Metaphysic

Given a direct choice between reality and artifice, I believe I’m most likely to choose the former. This concept has underpinned much of my creative practice. Even when beat cutting / pasting was at the height of its popularity, I’d be stuck behind the drums all day trying to get a take..
Similarly, the desire to expose both process and the actual, visceral emotions behind it indicate why I’m so taken with improvisation.
This website, in its current form, only exists as an attempt for me to expose the ideas behind what I make, the underlying metaphysic if you will.
We all have things we are willing to trade away when it comes to our practice, control vs. time invested is a big one, particularly in the digital realm, where the means by which one produces work may be far from intuitive. Don’t want to learn DSP to implement an FIR filter? There are a host of ready made plugins that will fulfill this function admirably. As one’s needs become more esoteric, so does the need to do it oneself and so begins a journey. The only remaining issue then is how deep the rabbithole you want / are prepared to travel.

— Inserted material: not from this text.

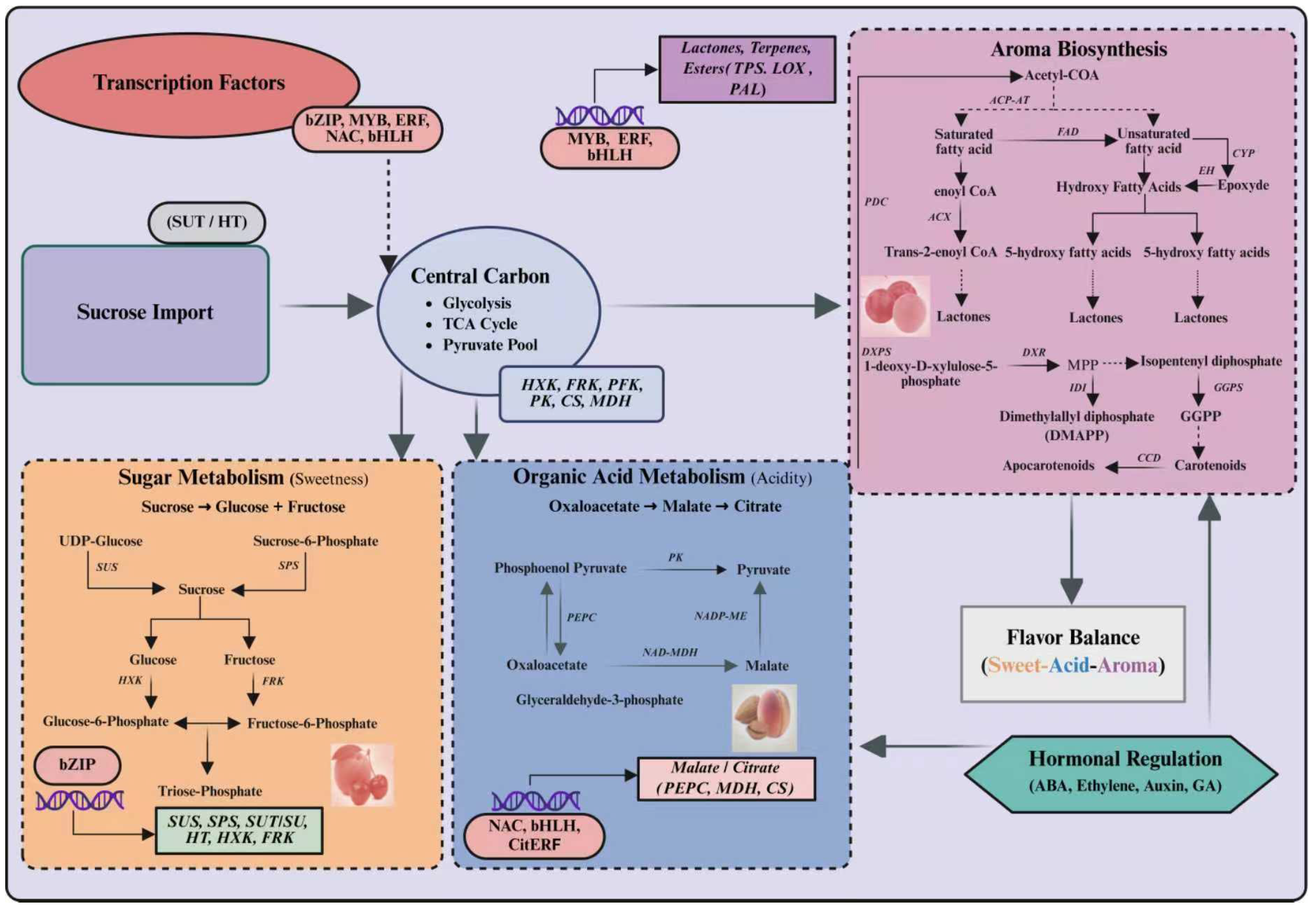5. Integration of Sugar, Acid, and Aroma Pathways in Stone Fruit Flavor Quality

I’ve spent plenty of time learning new stuff to facilitate the production of sound work, maybe less than you, it’s hard to tell.
What feels to me like a huge parabola of (mostly) self-instruction is not only dwarfed when compared to the trajectories of others, it’s not even the point of it all. I have to remind myself occasionally that making stuff is the point and that learning should serve to facilitate such an outcome.
I’ve only ever thought myself to have one ‘talent’ or ‘gift’ (rather dislike both those words) and that’s the ability to persevere.
Rather than stop when most sensible people would and turn their attentions to things a little more wordly, I keep going until I’ve learnt that sticking, figured how to get that code to run, finished that piece etc.
Such tenacity is hardly inducive to seemless social integration, so you could ask (with some justification) what the point of such industry is? I certainly have (and will again, no doubt).
May I direct you to re-read the first sentence of this missive? I believe that’s the answer.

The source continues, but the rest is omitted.